Great news (not really). Today the New York Senate passed a bill that makes “annoying” a police officer a felony—punishable by up to four years in prison.
Have they ever even seen how people behave on the subway at rush hour? Everyone is annoying.
The bill, which was sponsored by Republican State Senator Joe Griffo and will be voted on by the State Assembly, seeks to make “aggravated harassment” a felony.
“Police officers all across this state put their lives on the line every day to protect the people of New York,” the bill states. “New York State must establish laws and toughen existing laws that protect the police from becoming victims of criminals.”
While we don’t condone assaulting the NYPD by any means, “aggravated harassment” is a nebulous term that assumes malicious intent where there might be none. According to the bill, aggravated harassment constitutes “the intent to harass, annoy, theaten or alarm” a police officer. Super specific, right?
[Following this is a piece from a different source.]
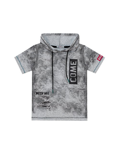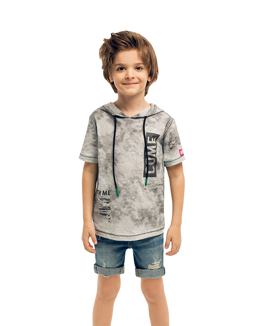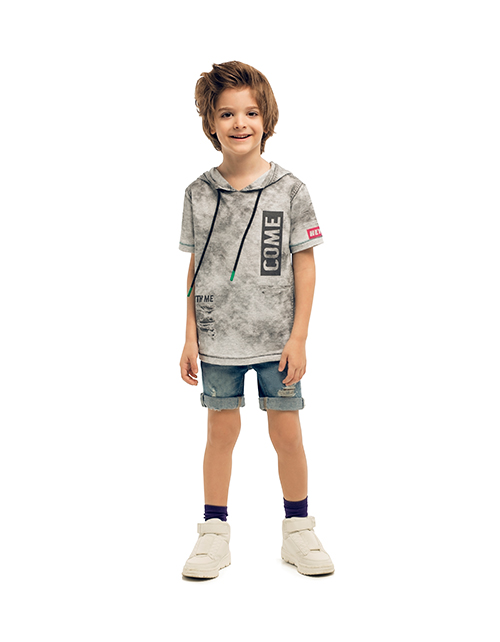 Футболка для мальчика цвета светло-серый меланж с капюшоном. Декоративный шнурок по капюшону. Прямой силуэт, спущенная линия плеча. Дизайнерское оформление в стилистике капсулы "Дружище Бакс".

Stacey Richman, a criminal defense attorney, told Gothamist, “This bill will be so arbitrarily and capriciously applied to people that it is senseless. The intent to harass, that’s the impression of the person that’s annoyed. You’re asking someone making a charge to say what was in the mind of the person they’re charging.”
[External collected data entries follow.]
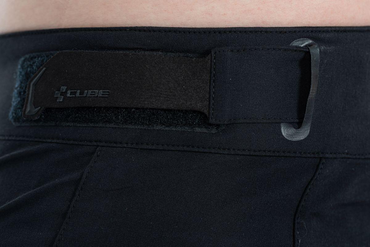 robustes und leichtes Funktionsmaterial, weitenregulierbarer Bund, Fronttasche mit Reißverschluss, mit Innenhose tragbar, reflektierende Elemente, Model ist 184 cm groß, Model trägt Größe M
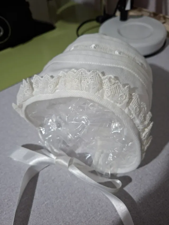 Precioso gorrito para bebé, ideal para ocasiones especiales. - Color blanco. - Adornado con delicado bordado - Cierre con lazo de cinta de raso.
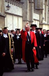 GB. Oxford. President Clinton walks along Catte Street with Roy Jenkins the university Chancellor.
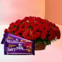 Alluring Gift of 50 Red Roses Basket with Cadbury Dairy Milk Silk
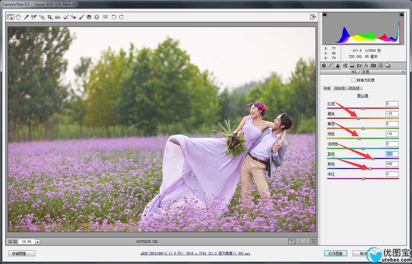 随后我们跳转至HSL/灰度 对图像中单一色彩进行单通道调节。在讲到这里时,我不得不提醒大家一点的是,你们认为薰衣草应该是什么颜色才好看?

The bill singles out physical contact such as striking, shoving, and kicking, but beyond that, the definition is vague. Existing New York State law already outlaws assault, aggravated assault and menacing police officers. “Aggravated harassment” adds very little to their protections, Ms. Richmond said.
“If a cop is having a bad day, he’s annoyed. The elevation of crime based on subjectivity is so dangerous to the populace…I don’t know why we’re spending time on this.”